I just spent the last 3 hours figuring out why this is cool. I’ve never considered spirals so intensely in my entire life. You should have been there; it was spectacular, especially when my head exploded. By the way, I was doing these derivations and proofs on paper at 2AM so it could all be entirely inaccurate.
The ratios of the numbers in the Fibonacci Sequence oscillate around and converge on the Golden Ratio, phi=1.61803399, which can be derived by solving phi=a/b or phi=(a+b)/a, where a=(b/2)(1+sqrt(5)) (which can be demonstrated geometrically quite nicely apparently [1:25-1:40]), which yields phi=(1+sqrt(5))/2).
The Golden Ratio does not describe spirals, but specifically the spiral where roughly the effective diameter of the last 180* becomes the effective radius of the next 90*.

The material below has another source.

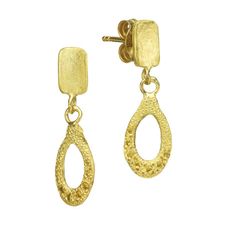 עגילי זהב 18 קראט עם תליון טיפה פתוחה משובצת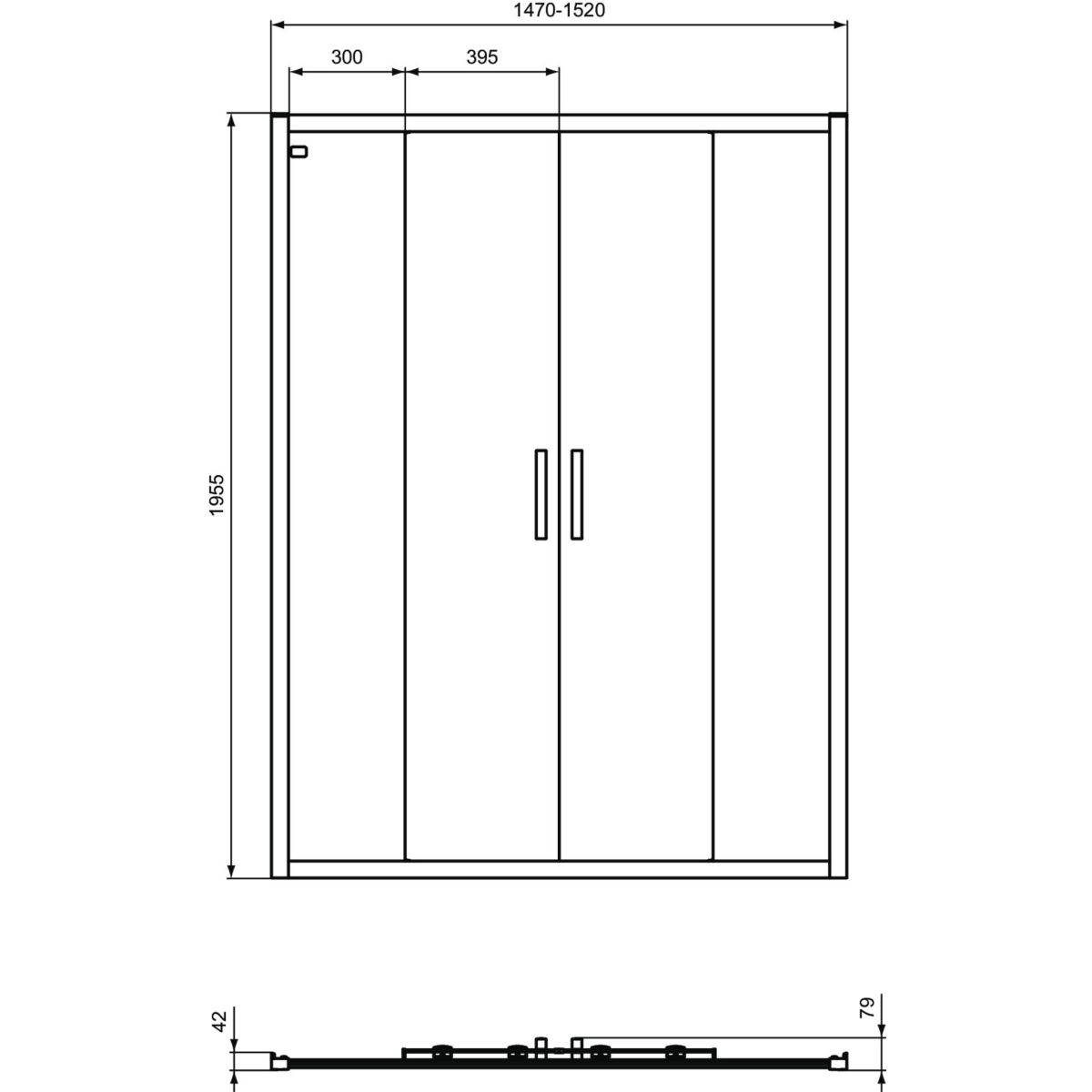 Ideal Standard Connect 2 Duschtüren 150 cm Schiebe- silber Matte/durchsichtiges Glas K9281EO

I suspect that The Fibonacci Sequence and The Golden Ratio in relation to “spirals occurring in nature” are applied too generously and abused across the internet. In any case, the strange obsession with The Golden Ratio has never sat well with me so I spent several hours mapping out my arguments against it, but then in attempting to prove my own theories I kept proving why the Golden Ratio is awesome. I only have a few more issues and I was half way through trying to determine the angular frequency (or range) pattern which sunflower seeds (or pine cone leaves or pineapple spirals) must follow to give over-excited Fibonnacci and Golden Ratio fans the ability to claim complementary spirals both occurring at rates that correspond to numbers in the Fibonnacci sequence but that’s when my head exploded.
What is the scientific name for a pine cone leaf?